Taken together, these findings point to in-party favoritism as a central mechanism underlying citizens’ support for democratic norm violations by governing parties. Identifying favoritism as the driver, however, does not by itself explain why citizens, who often endorse democratic principles in the abstract (Hernández Reference Ferrín and Kriesi2016; Chu et al. Reference Chu, Williamson and Yeung2024), are willing to accept norm-eroding actions by their own side when it is in power. In-party favoritism explains whose actions receive lenient evaluation, but it does not explain how individuals reconcile such leniency with their democratic self-understandings. The next section addresses this question by drawing on intragroup dissonance theory to explain how in-party favoritism operates psychologically in this process.
Winners’ Support and Intragroup Dissonance
Prior research shows that citizens across democracies, including the United States, broadly endorse core democratic principles such as free and fair elections, civil liberties, and limits on executive power (see, for example, Chu et al. Reference Chu, Williamson and Yeung2024; Hernández Reference Ferrín and Kriesi2016). If these commitments are taken seriously, observing one’s preferred party engaging in democratic norm violations should create psychological discomfort. To conceptualize this response, I draw on intragroup dissonance theory, which defines dissonance as the discomfort that arises when an in-group’s behavior conflicts with one’s values (Glasford et al. Reference Glasford, Pratto and Dovidio2008; Glasford et al. Reference Glasford, Dovidio and Pratto2009). This perspective maps closely onto the behaviors examined here. Actions such as altering court composition, restricting protests, pressuring journalists, or limiting electoral competition place democratic self-understandings in tension with loyalty to the partisan in-group.

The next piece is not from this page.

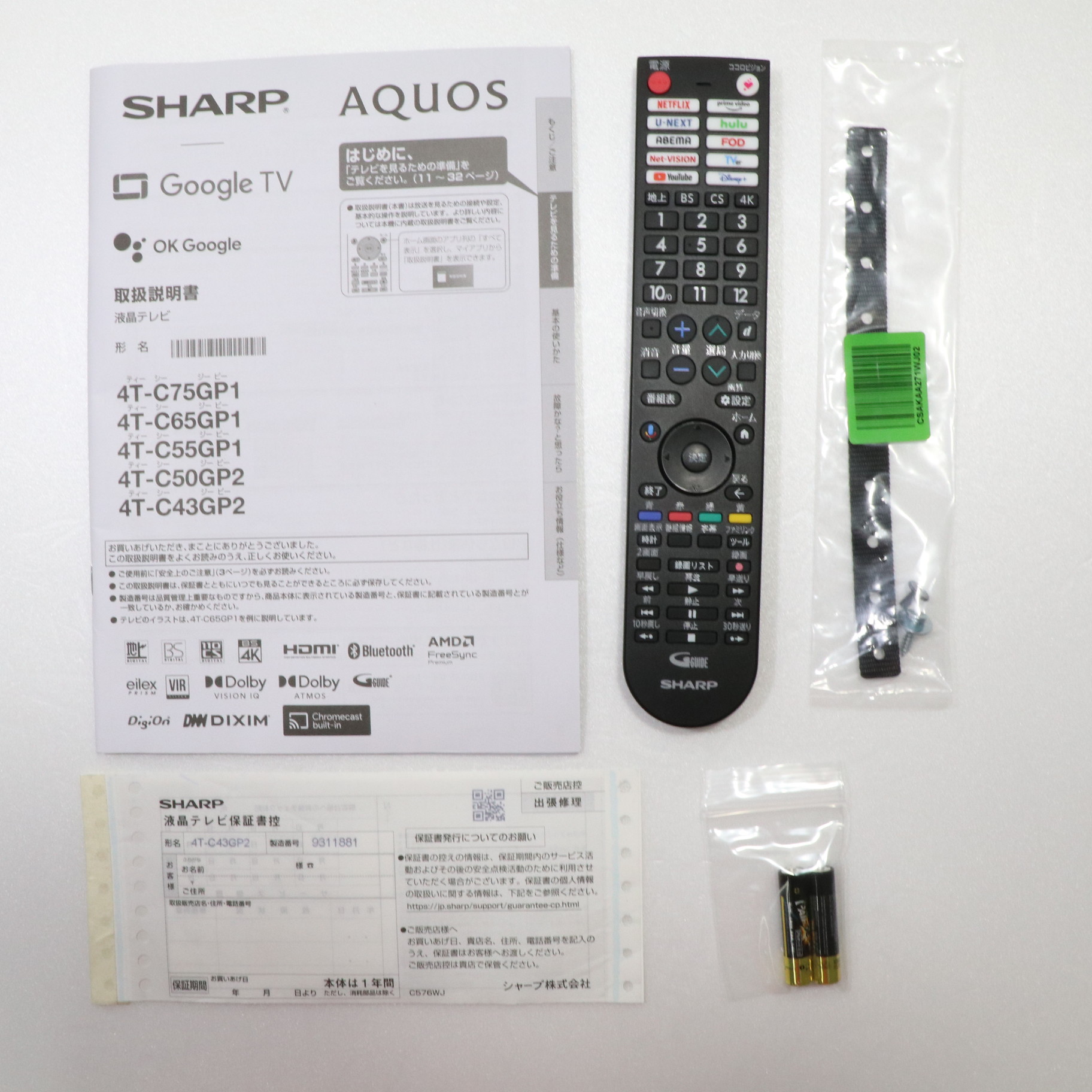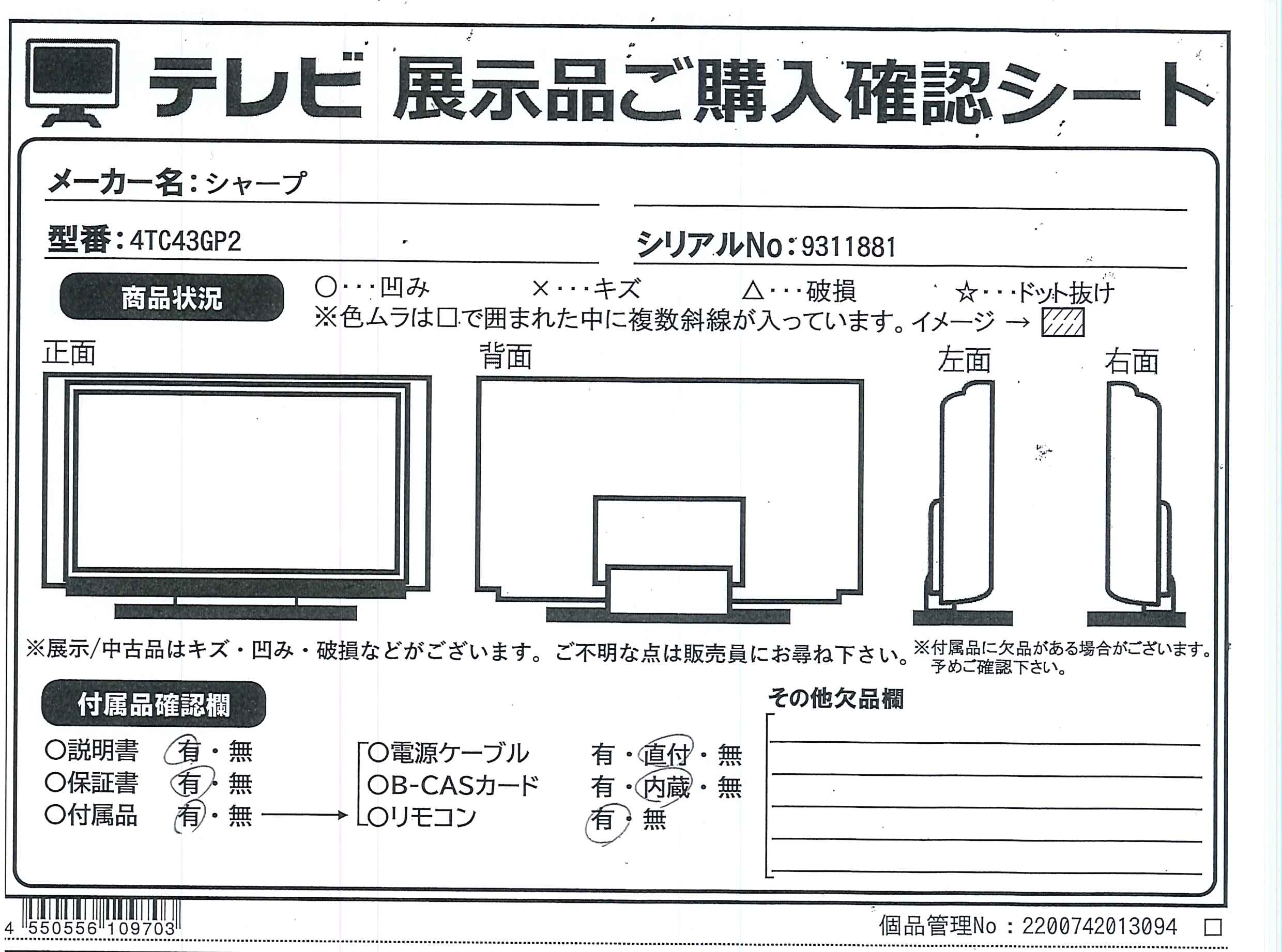 中古商品ランクについて 付属品・商品状態について 〔付属品〕説明書、スタンド取付金具、スタンドカバー、スタンドベース、スタンド取付用ネジ×4、スタンド組立用ネジ×4、転倒防止ベルト、転倒防止ベルトテレビ取付用ネジ、転倒防止ベルトテレビ台固定ネジ、スタンド回転ロックネジ、リモコン、単4形乾電池×2、かんたん使い方ガイド
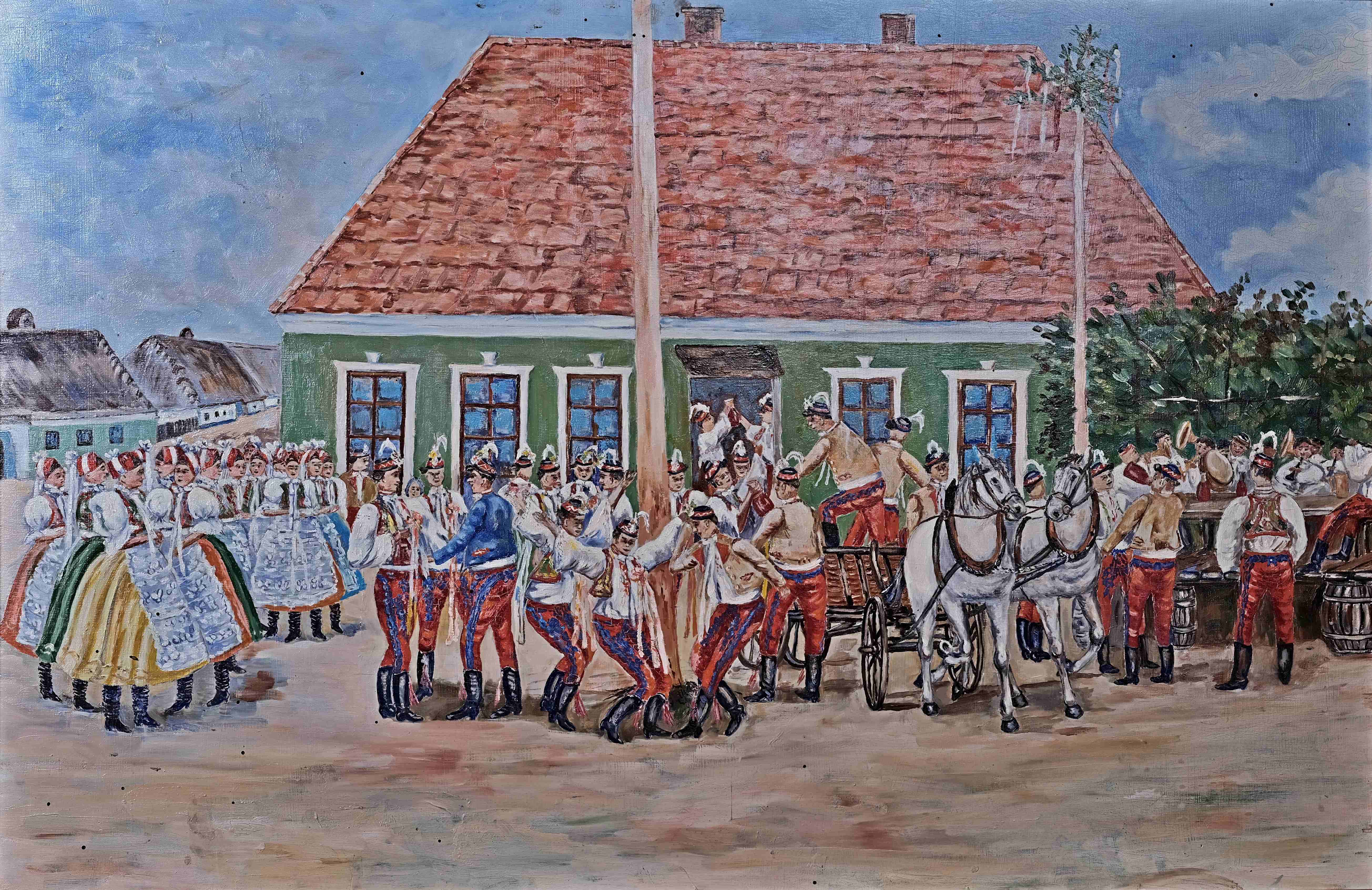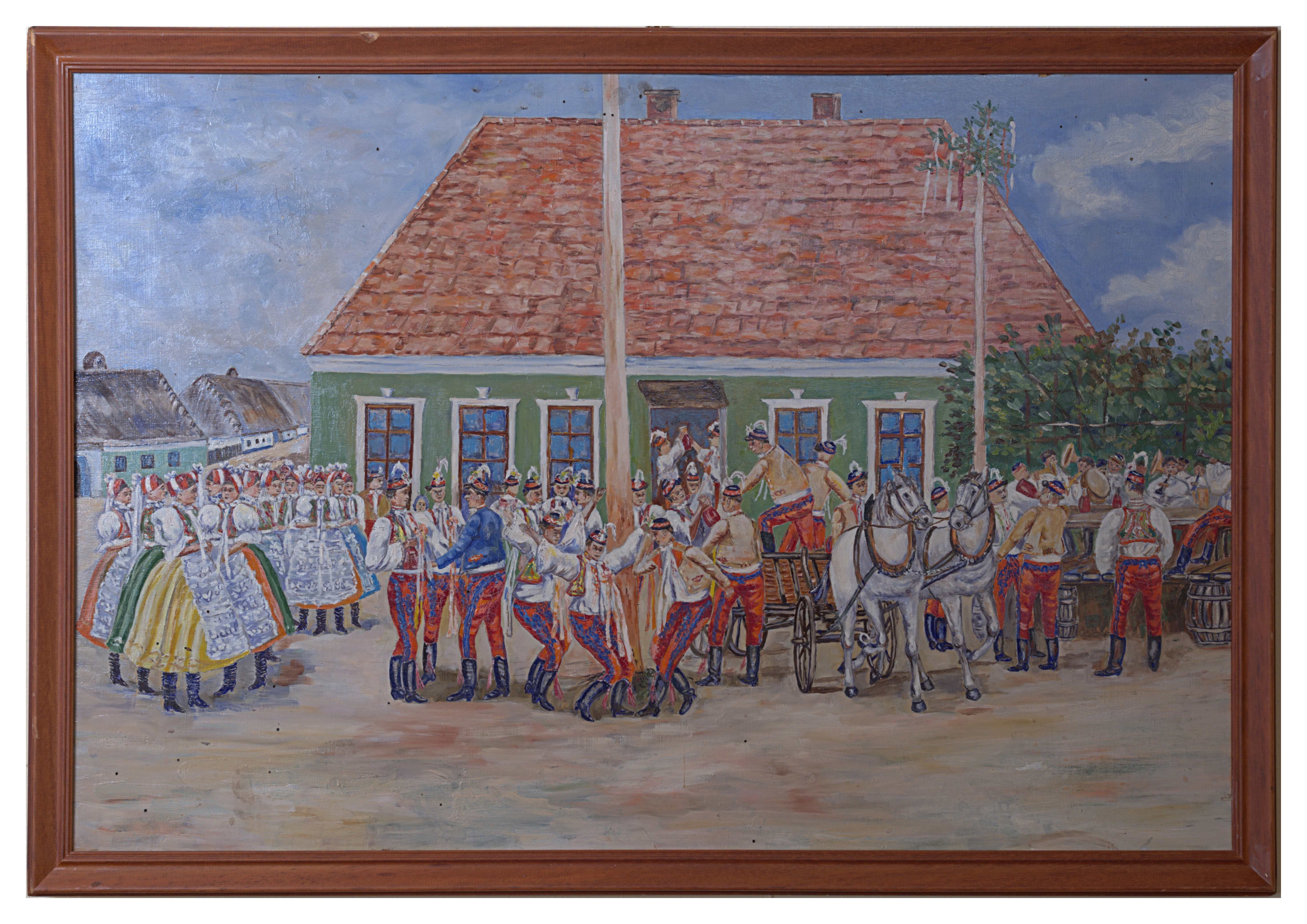 Hodový výjev na návsi ve Staré Břeclavi nás zavádí do dnes již neexistujícího světa tradiční lidové architektury (např. doškové chalupy). Pestrá paleta slavnostních krojů svobodné chasy „na vyslečení“, Část chlapců v bílém ratinovém kabátku „ratyňáku“ (vidíme i méně typickou variantu tmavě modrého) přijela tzv. přes pole jako hodoví hosté. Děvčata si ještě udržují klasickou siluetu díky původní délce svrchní sukně a způsobu jejího nabírání. Autor zachytil i starobřeclavský způsob modrého šňůrování u slavnostních soukenných kalhot „červenic“.

Importantly, intragroup dissonance can arise without an accompanying increase in negative evaluations of the in-group. If individuals had fully recognized and endorsed the judgment that their group acted wrongly, we would expect heightened emotions such as anger or dissatisfaction towards the group. Yet, in experiments by Glasford et al. (Reference Glasford, Pratto and Dovidio2008), exposure to in-group value violations increased psychological discomfort without raising anger, disgust, or dissatisfaction with the group. This pattern is consistent with social identity theory: positive attachment to the in-group is psychologically primary and group members are motivated to preserve its positive distinctiveness (Allport Reference Allport1954; Tajfel and Turner Reference Tajfel, Turner, William and Stephen1979). This suggests that dissonance often operates at a pre-condemnatory, affective stage, before individuals clearly label the behavior as normatively wrong. This distinction is crucial for understanding winners’ responses to democratic erosion: dissonance need not follow fully articulated recognition or strategic override of violations. The key theoretical question is therefore how this discomfort is reduced, and why such reduction appears especially likely among winners.
How In-Party Favoritism Reduces Dissonance among Winners
I argue that winners’ support of democratic norm violations is driven primarily by post-election identity affirmation, which operates through increased in-party favoritism and facilitates dissonance reduction. Electoral victory is not merely an informational signal about political outcomes. It affirms the value and legitimacy of the partisan in-group. Research on social identity further suggests that identification with voluntary or acquired groups is especially sensitive to changes in group status, as such identities typically evoke stronger attachment than purely assigned ones (Barreto and Ellemers Reference Barreto and Ellemers2002), making electoral victory a particularly powerful source of partisan identity affirmation.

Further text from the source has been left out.